» EXERCISE PROMPT
Entries below include pictures. Output exactly the lines from the one with "AARUSHI:「Between The Lines」是一個人手染色的日本絞染(Arashi" down to the one with "A vibrant pink", both ends included, and leave the pictures out.

Segment Start: PROVIDED INFORMATION

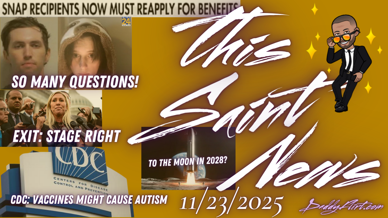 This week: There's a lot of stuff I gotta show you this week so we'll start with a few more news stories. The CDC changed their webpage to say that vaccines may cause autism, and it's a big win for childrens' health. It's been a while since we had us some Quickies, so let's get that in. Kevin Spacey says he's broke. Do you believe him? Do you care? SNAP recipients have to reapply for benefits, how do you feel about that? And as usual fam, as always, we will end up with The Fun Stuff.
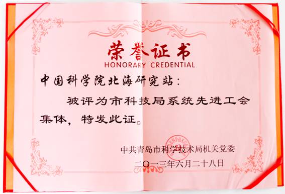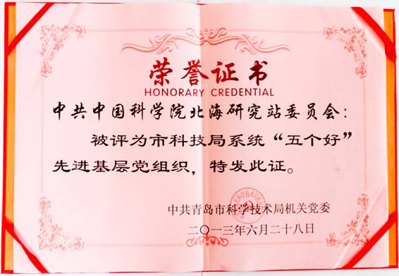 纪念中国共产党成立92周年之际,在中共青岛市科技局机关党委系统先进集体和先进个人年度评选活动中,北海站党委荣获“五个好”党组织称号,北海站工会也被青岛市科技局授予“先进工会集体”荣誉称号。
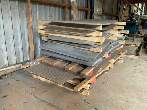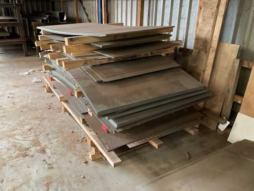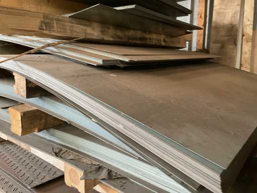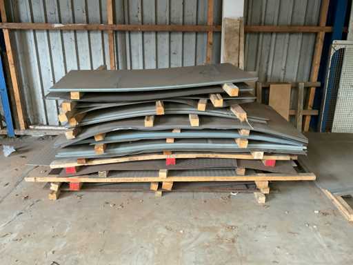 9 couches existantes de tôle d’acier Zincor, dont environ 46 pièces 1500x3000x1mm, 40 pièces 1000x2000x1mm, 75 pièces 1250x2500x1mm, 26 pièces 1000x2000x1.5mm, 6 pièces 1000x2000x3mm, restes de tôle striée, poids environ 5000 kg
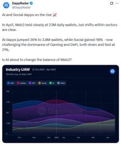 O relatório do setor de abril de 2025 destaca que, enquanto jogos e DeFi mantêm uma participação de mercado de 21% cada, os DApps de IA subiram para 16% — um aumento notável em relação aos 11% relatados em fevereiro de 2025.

Segment End: PROVIDED INFORMATION
Segment Start: PROVIDED INFORMATION

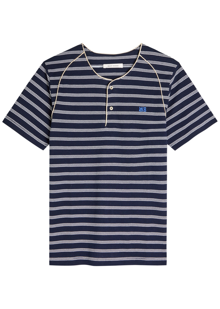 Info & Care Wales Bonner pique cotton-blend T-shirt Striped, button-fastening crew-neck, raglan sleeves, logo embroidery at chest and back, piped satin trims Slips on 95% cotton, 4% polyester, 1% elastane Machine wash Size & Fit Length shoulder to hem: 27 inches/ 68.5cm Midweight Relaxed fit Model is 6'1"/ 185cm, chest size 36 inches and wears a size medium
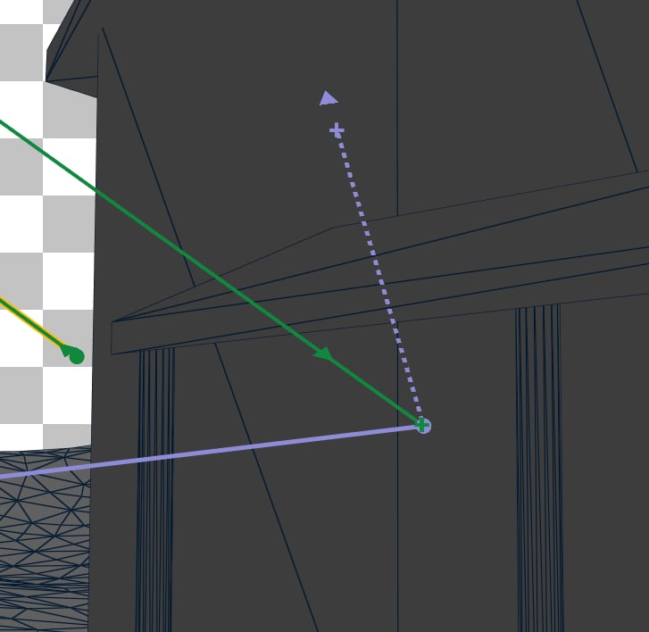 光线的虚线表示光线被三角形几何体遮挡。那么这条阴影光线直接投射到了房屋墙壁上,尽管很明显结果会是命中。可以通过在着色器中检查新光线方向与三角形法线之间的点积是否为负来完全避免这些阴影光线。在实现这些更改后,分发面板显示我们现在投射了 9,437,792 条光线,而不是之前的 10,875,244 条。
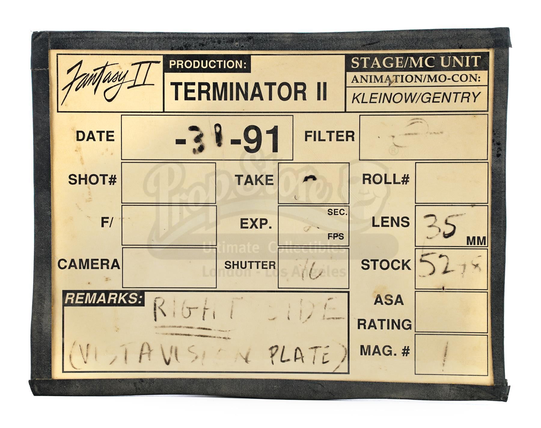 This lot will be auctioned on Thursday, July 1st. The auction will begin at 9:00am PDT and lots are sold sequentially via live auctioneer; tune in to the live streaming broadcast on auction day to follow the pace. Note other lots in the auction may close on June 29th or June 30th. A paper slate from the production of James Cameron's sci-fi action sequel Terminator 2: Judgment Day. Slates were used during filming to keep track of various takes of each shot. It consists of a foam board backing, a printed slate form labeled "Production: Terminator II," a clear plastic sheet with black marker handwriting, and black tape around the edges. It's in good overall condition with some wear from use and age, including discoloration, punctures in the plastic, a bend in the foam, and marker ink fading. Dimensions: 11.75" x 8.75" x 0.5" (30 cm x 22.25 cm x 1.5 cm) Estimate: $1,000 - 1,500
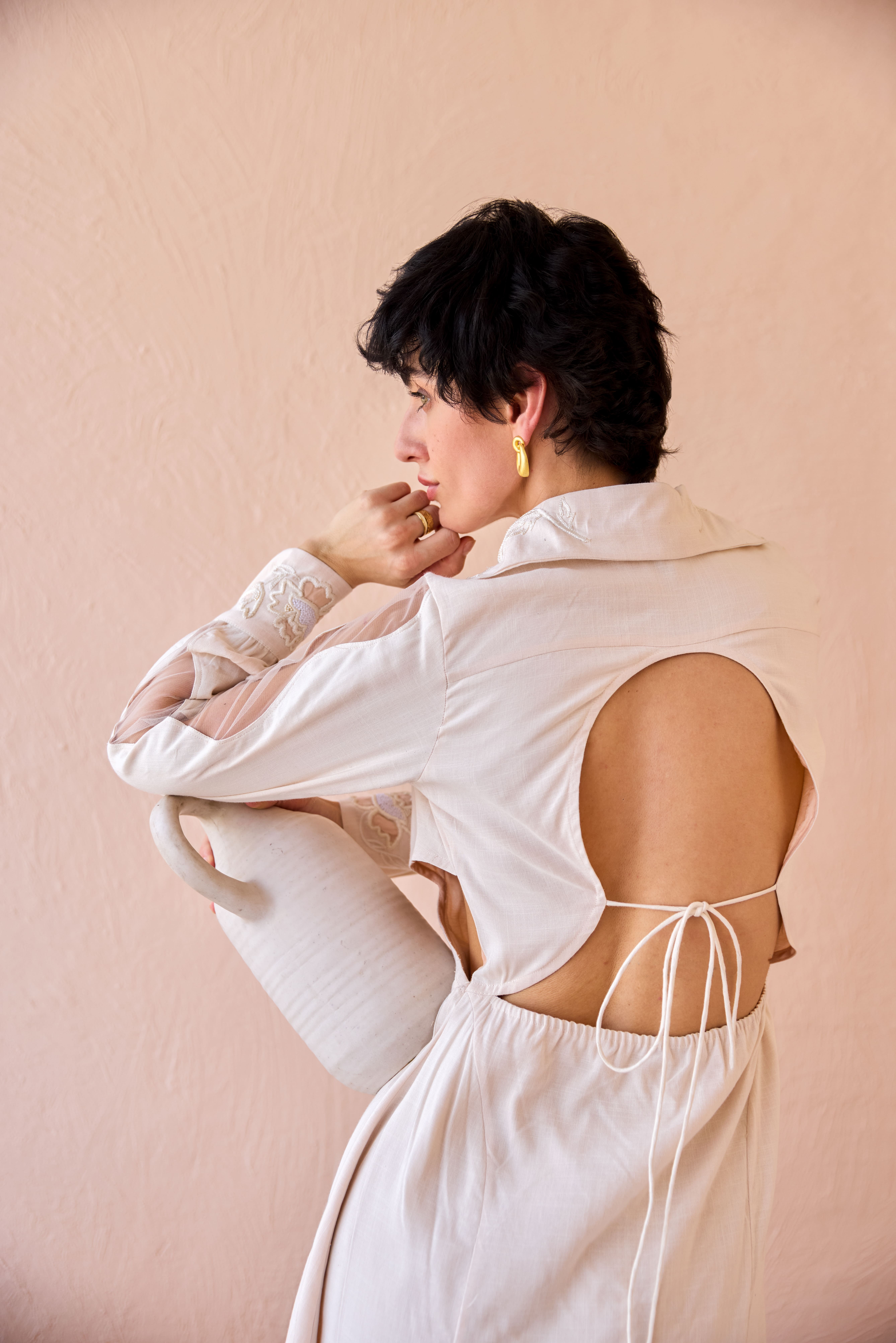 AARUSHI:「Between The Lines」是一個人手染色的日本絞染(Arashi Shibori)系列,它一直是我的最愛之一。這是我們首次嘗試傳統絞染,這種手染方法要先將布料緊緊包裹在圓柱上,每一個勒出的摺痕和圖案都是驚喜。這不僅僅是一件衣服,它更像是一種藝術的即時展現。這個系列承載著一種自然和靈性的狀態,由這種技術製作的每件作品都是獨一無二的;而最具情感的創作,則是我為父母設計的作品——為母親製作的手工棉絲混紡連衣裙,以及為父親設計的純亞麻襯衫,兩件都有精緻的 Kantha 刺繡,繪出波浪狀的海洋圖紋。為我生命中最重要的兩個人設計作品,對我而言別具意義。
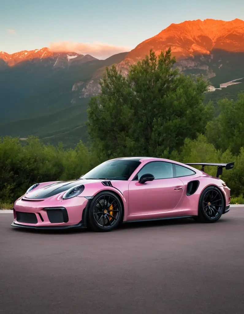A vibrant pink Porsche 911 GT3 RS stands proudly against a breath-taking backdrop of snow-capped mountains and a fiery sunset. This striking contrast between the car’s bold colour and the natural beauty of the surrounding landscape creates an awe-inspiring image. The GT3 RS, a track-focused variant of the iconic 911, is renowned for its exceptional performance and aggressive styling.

Segment End: PROVIDED INFORMATION

» SOLUTION
 AARUSHI:「Between The Lines」是一個人手染色的日本絞染(Arashi Shibori)系列,它一直是我的最愛之一。這是我們首次嘗試傳統絞染,這種手染方法要先將布料緊緊包裹在圓柱上,每一個勒出的摺痕和圖案都是驚喜。這不僅僅是一件衣服,它更像是一種藝術的即時展現。這個系列承載著一種自然和靈性的狀態,由這種技術製作的每件作品都是獨一無二的;而最具情感的創作,則是我為父母設計的作品——為母親製作的手工棉絲混紡連衣裙,以及為父親設計的純亞麻襯衫,兩件都有精緻的 Kantha 刺繡,繪出波浪狀的海洋圖紋。為我生命中最重要的兩個人設計作品,對我而言別具意義。
A vibrant pink Porsche 911 GT3 RS stands proudly against a breath-taking backdrop of snow-capped mountains and a fiery sunset. This striking contrast between the car’s bold colour and the natural beauty of the surrounding landscape creates an awe-inspiring image. The GT3 RS, a track-focused variant of the iconic 911, is renowned for its exceptional performance and aggressive styling.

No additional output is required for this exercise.